Court of Appeal: No Defense Attorneys' Fees for Frivolous Claims?

The Court of Appeal agreed with the district court that Laura Young's FEHA claim for harassment against her former supervisor was frivolous, vexatious, etc. The trial court, however, awarded only one dollar in attorneys' fees against Young. The court's rationale was that since employer Exxon was going to pay the supervisor's fees, and since Exxon did not complain that the action against Exxon itself was frivolous, the court should not award fees that Exxon would ultimately recover.

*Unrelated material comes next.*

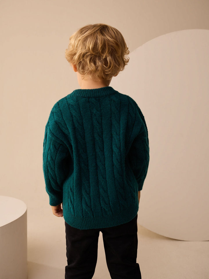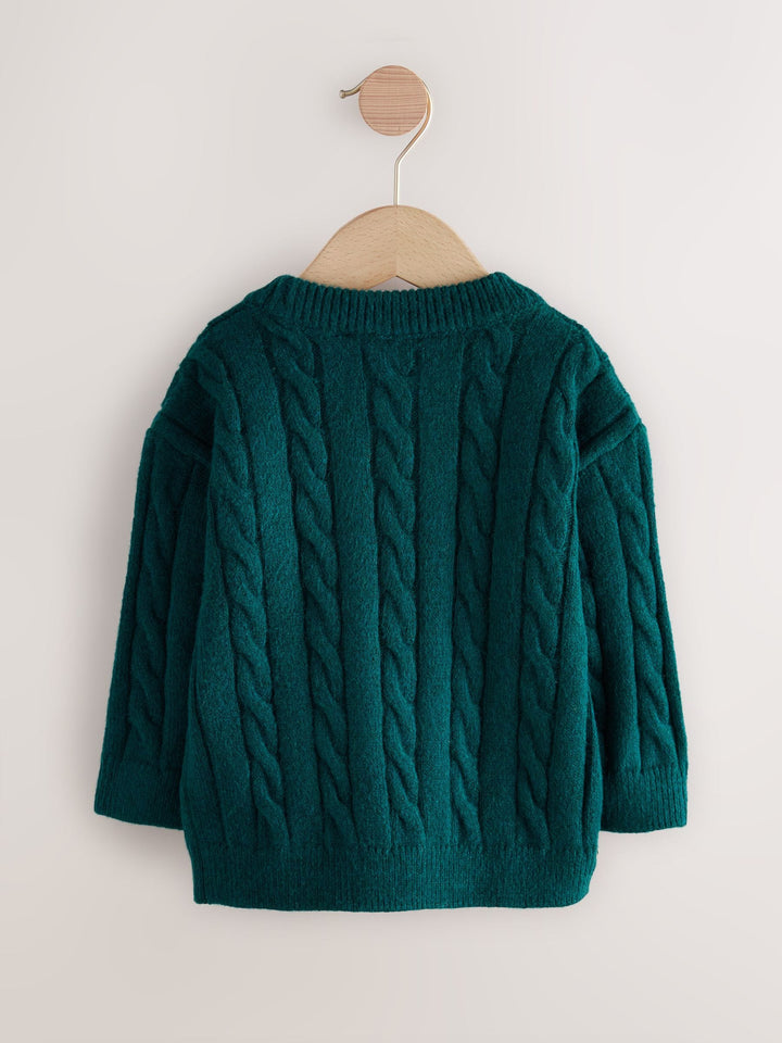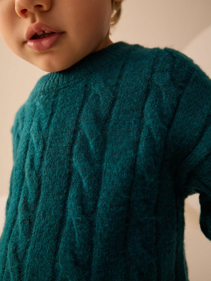 Dark Green Cable Knit Crew Neck Jumper (3mths-7yrs)

Does that make a lot of sense? Yes, but only if you're gutting the attorneys' fees statute. Employers are responsible to pay for employees' defense costs under Labor Code section 2802, unless the employee is found to have engaged in actual unlawful harassment. So, a frivolous claim against an employee by implication is part of the claim against the employer, no? And given most claims against individual managers are barred as a matter of law, and given awards of attorneys' fees are as rare as hen's teeth anyway, one would think that a court would want to give effect to the Legislature's decision to permit an award of attorneys' fees when claims are frivolous. Right?

No. The court of appeal agreed with the trial court and held that where, as in this case, the employer is paying an individual employee's defense costs, the trial court need not award attorneys' fees if the claim against the employer is not frivolous. You don't believe me? Here's the quote:
In short, despite its finding that Young’s case against Lopez was frivolous and vexatious, the trial court had the discretion to deny attorney fees to Lopez. Because the award would benefit only Exxon, a defendant which was not otherwise entitled to an award and which did not show it incurred any significant fees on Lopez’s behalf that it would not have incurred in any event, we see no abuse of discretion in the trial court’s decision.

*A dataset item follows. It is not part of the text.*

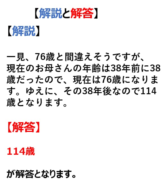 【問題】38年前 お母さんは38歳でした 38年後お母さんは何歳ですか? 2025 11/18 Uncategorized November 18, 2025 「38年前 お母さんは38歳でした 38年後お母さんは何歳ですか?」というファーウェイの入社試験で出された問題、1分で解けたら天才らしい。 最強のおすすめ漫画 Uncategorized よかったらシェアしてね! URLをコピーしました! URLをコピーしました! 【難問】ノートと鉛筆の合計は100円、鉛筆はノートより40円安いです! → 鉛筆の値段は? 【悲報】与田ちゃん、お胸がでかすぎる この記事を書いた人 poi 関連記事 これが解ければGoogleに入社できます↓ November 19, 2025 計算問題?モノゴトの捉え方? November 19, 2025 Google入社試験で実際に使われた30秒で適性が分かるゲームがこちら November 19, 2025 【悲報】与田ちゃん、お胸がでかすぎる November 19, 2025 【難問】ノートと鉛筆の合計は100円、鉛筆はノートより40円安いです! → 鉛筆の値段は? November 18, 2025 【答】99%が解けなかったGoogle入社試験の問題がこちら November 18, 2025 加藤茶さん、もうダメそう・・・・・・ November 18, 2025 女子高生陸上競技会、開始9秒で乳首が見えるハプニングが発生するwwwwwww November 17, 2025 コメント コメントする コメントをキャンセルコメント ※ 名前 ※ メール ※ サイト 次回のコメントで使用するためブラウザーに自分の名前、メールアドレス、サイトを保存する。

By the way, the attorneys' fees statute, Government Code section 12965(b) is very simple and says nothing about differing standards for employers and employees.
In actions brought under this section,the court, in its discretion, may award to the prevailing party reasonable attorney's fees and costs, including expert witness fees, except where the action is filed by a public agency or a public official, acting in an official capacity.
The statute says nothing about basing awards on who pays the fees. I know it says "discretion," but the courts have held that prevailing plaintiffs are generally entitled to fees as a matter of right, while prevailing defendants have a heavy burden to establish the claims were "frivolous, unreasonable, or without foundation." I think the courts may have lost sight of the plain language of the statute over the years.

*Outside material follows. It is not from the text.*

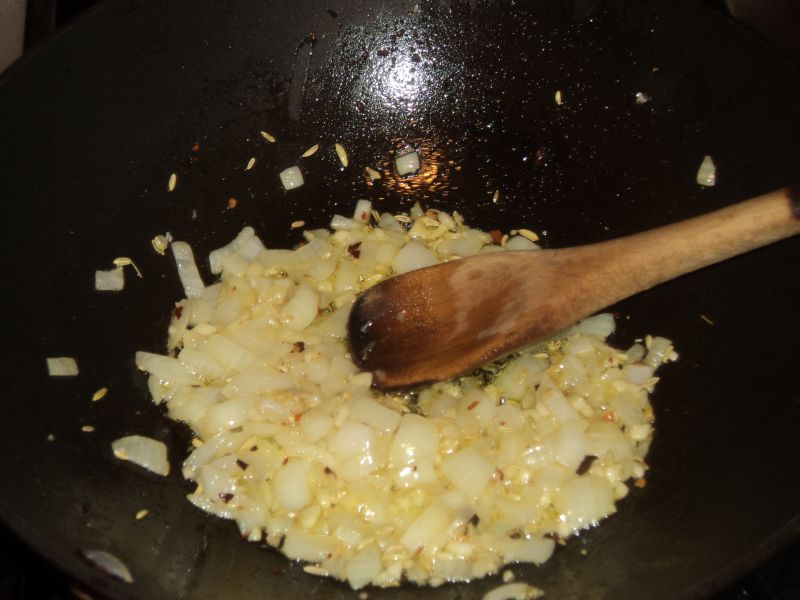 Saute diced onion and minced garlic in olive oil; I also add a few crushed pepper flakes and fennel seeds.

While I'm complaining, the Court of Appeal also decided not to publish its analysis of Young's claims on the merits. That means the bar will not benefit from the court's detailed analysis of Young's claims for discrimination, harassment, retaliation, etc. The decision should be published if only because Young claimed a mental disability and that her outbursts and conduct in violation of policy were attributable to the disability. The Court distinguished Gambini v. Total Renal Care, discussed here, and held that Young's disability did not exempt her from termination for her misconduct.

Anyway, I'm sure Exxon is happy to have won the case. But there was a dark lining in a silver cloud that may affect employment litigation for the rest of us. The opinion in Young v. Exxon is here.